Knowledge graphs complement vector search when relationships, hierarchy, supersession, and entity identity matter.
Strangler fig migration is the right modernization pattern for replacing brittle enterprise search and document portals incrementally.
Anti-corruption layers are essential wherever legacy taxonomies and content structures would otherwise pollute the domain model.
Summary
RAG is not a retrieval trick. It is a data platform problem with an AI interface.
That one sentence clears away a lot of confusion. It tells us why domain semantics matter, why bounded contexts matter, why reconciliation matters, why Kafka and event-driven change capture matter, why citations and authority ranking matter, and why migration must be progressive rather than revolutionary. It also explains why so many first-generation enterprise RAG systems disappoint: they optimize embeddings before they understand meaning. event-driven architecture patterns
Build retrieval as shared platform infrastructure with federated domain-owned knowledge products. Normalize legacy chaos through anti-corruption layers. Use multiple retrieval modes. Propagate identity and policy all the way through. Embrace reconciliation as part of the design, not an embarrassing afterthought. Migrate with a strangler pattern and keep fallback paths alive until trust is earned.
The model may write the sentence. But the platform decides whether the sentence deserves to exist.
Frequently Asked Questions
What is a data mesh?
A data mesh is a decentralised data architecture where domain teams own and serve their data as products.
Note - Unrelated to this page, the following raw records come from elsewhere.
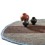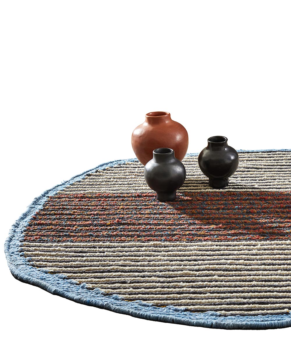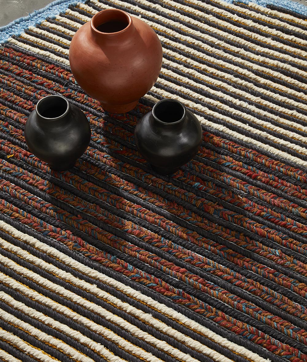 Designed by Mae Engelgeer, the Uilas collection takes inspiration from the landscape of the Colombian province of Huila. Referencing the interaction of two forces of nature: the river Rio Magdalena and the rough desert of Tatacoa in which the river flows through. In this collection, the use of natural sisal and the irregular edges of each rug represent the heavily eroded landscape found in the Tatacoa desert while the colourful wool stripes are reminiscent of the river running through the valley.
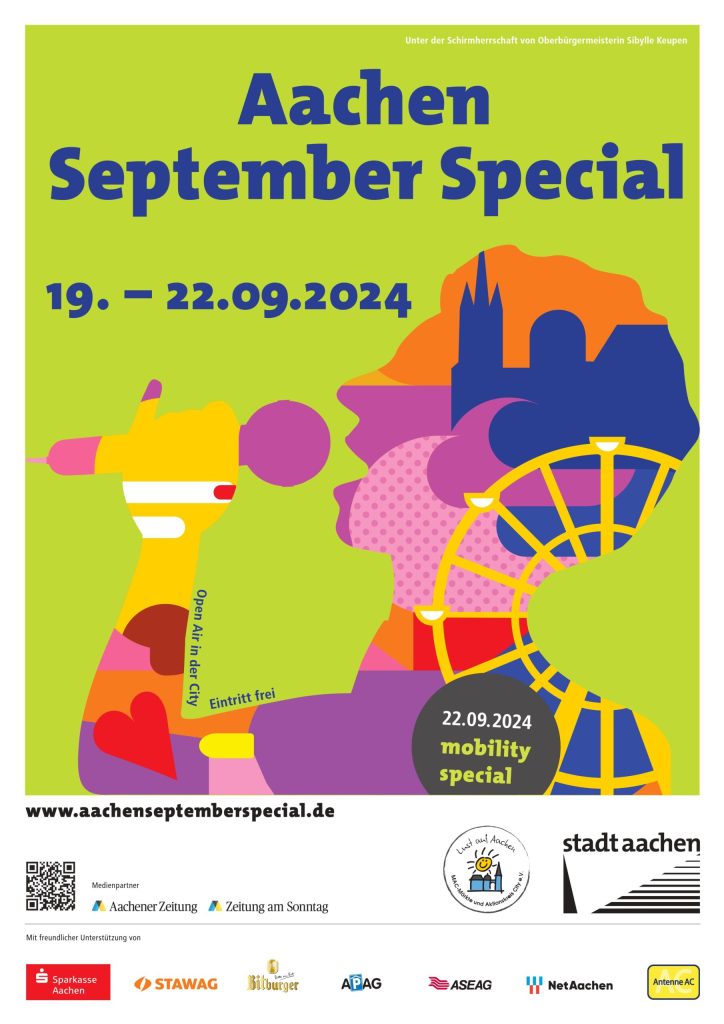 Außerdem findet zum fünften Mal das „mobility special powered by STAWAG“ statt und zwar am Sonntag, 22. September. Dort präsentieren sich auf dem Markt von 12 bis 17 Uhr Aussteller rund um das Thema Mobilität und informieren über E-Bikes, Car-Sharing und vieles mehr.
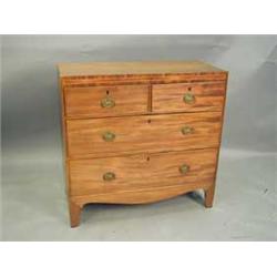 A George III mahogany chest of two short and two long drawers, raised on shapedfeet. 35 1/2" (90cm) wide Est.300/500
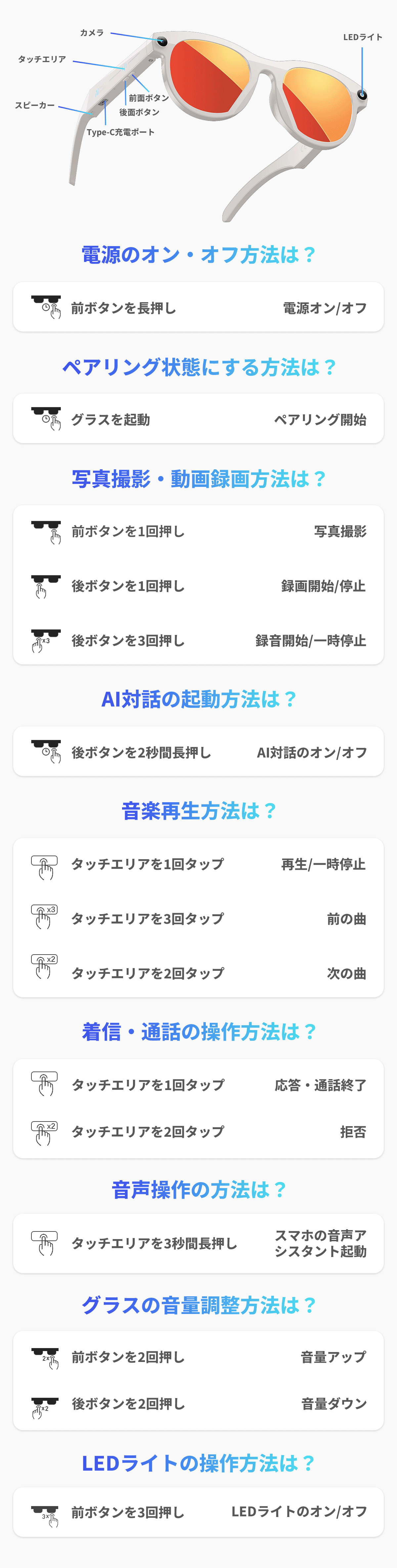 街中歩きや通勤中、アウトドアでも、フレームを軽くタッチするだけで通話の応答・終了が可能。高音質でクリアな会話を実現し、いつでもスムーズなコミュニケーションを保ちます。
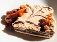 冷凍してみましたが、これはこれでクッキーアイスみたいで美味しくいただけました。 (凍らせた方がチョコ味が感じられるような気もします) ドライフルーツを洋酒に漬けていたものを脇に添えていただきました。

Instead of a central data team, each domain is responsible for data quality, contracts, and discoverability.
What is a data product in architecture terms?
A data product is a self-contained, discoverable, trustworthy dataset exposed by a domain team. It has defined ownership, SLAs, documentation, and versioning — treated like a software product rather than an ETL output.
How does data mesh relate to enterprise architecture?
Data mesh aligns data ownership with business domain boundaries — the same boundaries used in domain-driven design and ArchiMate capability maps. Enterprise architects play a key role in defining the federated governance model that prevents data mesh from becoming data chaos.